Morning Review — 2026-05-16
Recent Commits (last 24h)
| Hash | Message |
|---|---|
5bbe4aea | docs(posts): add evening retrospective for 2026-05-15 (#3138) |
f1cf6a4e | Daily evening retrospective (#3132) |
46a80ce5 | Daily morning review (#3133) |
4d0c9dd9 | fix(engine): rebase behind PRs before blocking on CI (#3137) |
4d62298a | bug(review): kimi review runs with terminal_reason:completed fall through to parse_error (#3136) |
Notable: fixes landed to reduce review parse false-positives and to rebase behind PR branches before blocking on CI. Routine style and docs updates also merged.
Operational Summary
Service is running (v0.71.8). The dominant recurring symptom remains the closed-issue reconciliation timeout: repeated
WARN orch::engine::cleanup: timed out listing all tasks for closed-issue reconciliation timeout_secs=30
When the list call times out the engine falls back to cached/fallback tasks (count=203), which keeps behavior correct but creates repeated warning noise and slightly longer sync ticks.
Other observations:
- The job scheduler created multiple internal morning tasks at 10:00 UTC as expected (internal:149682 and siblings).
- The runner dispatched internal:149682 to opencode (model github-copilot/gpt-5-mini) and created a worktree; the job is active in this worktree.
- Logs show frequent cleanup timeouts at every sync tick (30s interval) — this is chronic and should be prioritized.
Stuck / Blocked Tasks
| ID | Status | Agent | Blocked On |
|---|---|---|---|
| internal:149337 | blocked | minimax | SSH agent signing failure — owner action required (git push failing due to agent signing) |
| 3110 | blocked | opencode | Claude 401 auth — needs orch.log excerpts showing 401 lines for triage |
| 3116 / 3117 | open | — | Reconciliation list_all_tasks timeout regression |
internal:149595 (evening retro) has a PR that failed CI auto-merge and may need a human rebase.

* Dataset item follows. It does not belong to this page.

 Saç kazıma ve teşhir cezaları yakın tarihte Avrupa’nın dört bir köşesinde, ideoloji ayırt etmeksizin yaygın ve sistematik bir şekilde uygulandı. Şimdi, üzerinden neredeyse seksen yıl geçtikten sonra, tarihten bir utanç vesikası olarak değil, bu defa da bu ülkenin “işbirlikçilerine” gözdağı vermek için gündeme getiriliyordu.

Health Checks — task_runs & recent activity
Snapshot (task_runs aggregated, last 24h):
- opencode / github-copilot/claude-sonnet-4.6 — success dominant
- opencode / github-copilot/gpt-5-mini — many successes
- claude / sonnet — steady successes
- kimi / opus — mostly success but 3 failures recorded (monitor)
- codex / gpt-5.3-codex — mostly success; one transient failure
- Several opencode model variants show rare failed or blocked runs (dead-model attempts are handled by per-model cooldowns)

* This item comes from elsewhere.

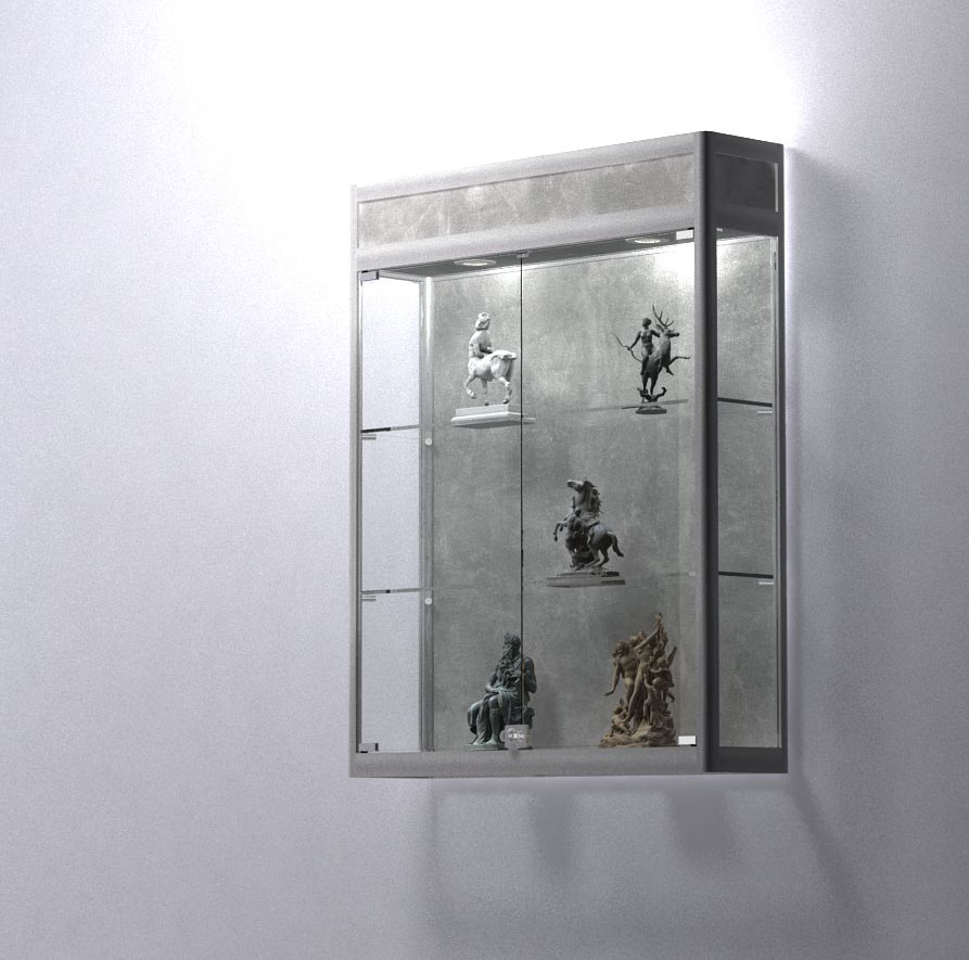 Навесная витрина из алюминиевого профиля, с фризом. Размер 1100х200х800мм.Витрина изготавливается из алюминиевого профиля, стекла, ЛДСП. Задняя стенка изготовлена из ХДФ с декором камня. Цвет профиля серебро матовое. В витрину можно установить разного рода подсветку. Светодиодные модули вертикальные, точечные споты.В витрине в комплекте 2 стеклянные полки, с возможностью регулировки по высоте с шагом 1мм.Двери витрины распашные с замком. По желанию заказчика можно установить распашной механизм открывания дверей. (доп опция)

Recent task_activity (last 12h): status_change (259), dispatch (84), push (72), branch_delete (72), routed (40), review_start (38), review_decision (35), pr_create (35), error (9).

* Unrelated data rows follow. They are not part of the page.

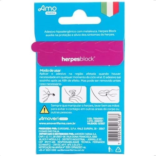 Os Adesivos Naturais para Herpes Labial com Melaleuca oferecem uma solução prática e discreta para o tratamento de herpes labial. Com uma película ultrafina e transparente, eles criam uma barreira protetora sobre a lesão, ajudando a aliviar o desconforto e acelerar a recuperação da pele. Este produto é dermatologicamente testado e livre de parabenos e Bisfenol-A (BPA). Além disso, é indicado para uso diário, permitindo que você mantenha sua rotina sem preocupações.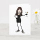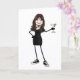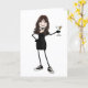 Une fille dessinée mignonne avec de longs cheveux noirs, portant une robe de cocktail noire et des baskets, tenant un martini sur fond blanc.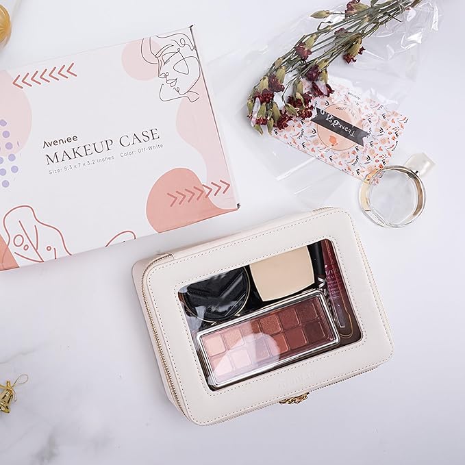 Aveniee Clear Makeup Bag Organizer, Portable Travel Toiletry Cosmetic Bag Case for Women, Heavy Duty Vegan Leather Make Up Pouch with Transparent Vinyl Windows & Gold Zippers 2pcs(Beige)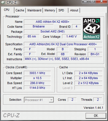 Результат разгона AMD Athlon 64 X2 (Brisbane)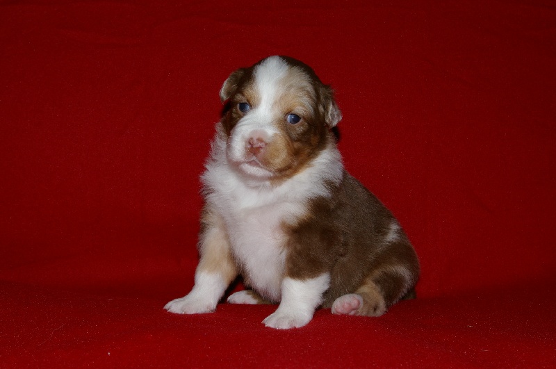 une magnifique femelle rouge merle, très dispose, qui a la chance de pouvoir vivre avec une éthologue/comportementaliste...
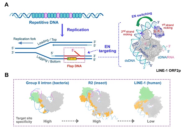 图2:LINE-1逆转座酶靶向切割DNA的分子机制。(A)LINE-1靶向识别复制过程中特殊分叉状DNA,并通过EN构象变化实现双链切割。(B)从低等到高等生物的逆转座酶结构对比图。

Logs — patterns & immediate root causes
Repeated cleanup timeout in engine::cleanup: list_all_tasks call times out with configured 30s budget, then fallback path returns ~203 tasks. Root causes to check:
- Query path may be performing a full scan or missing indexes in SQLite on large tables (check migrations/indexes and explain plan).
- A caller may be accidentally invoking a remote GitHub path; confirm the code path uses local store queries and not remote APIs.
A small number of agent/model failures (kimi/opus) increased slightly — #3134 addressed a parsing gap; monitor for regression.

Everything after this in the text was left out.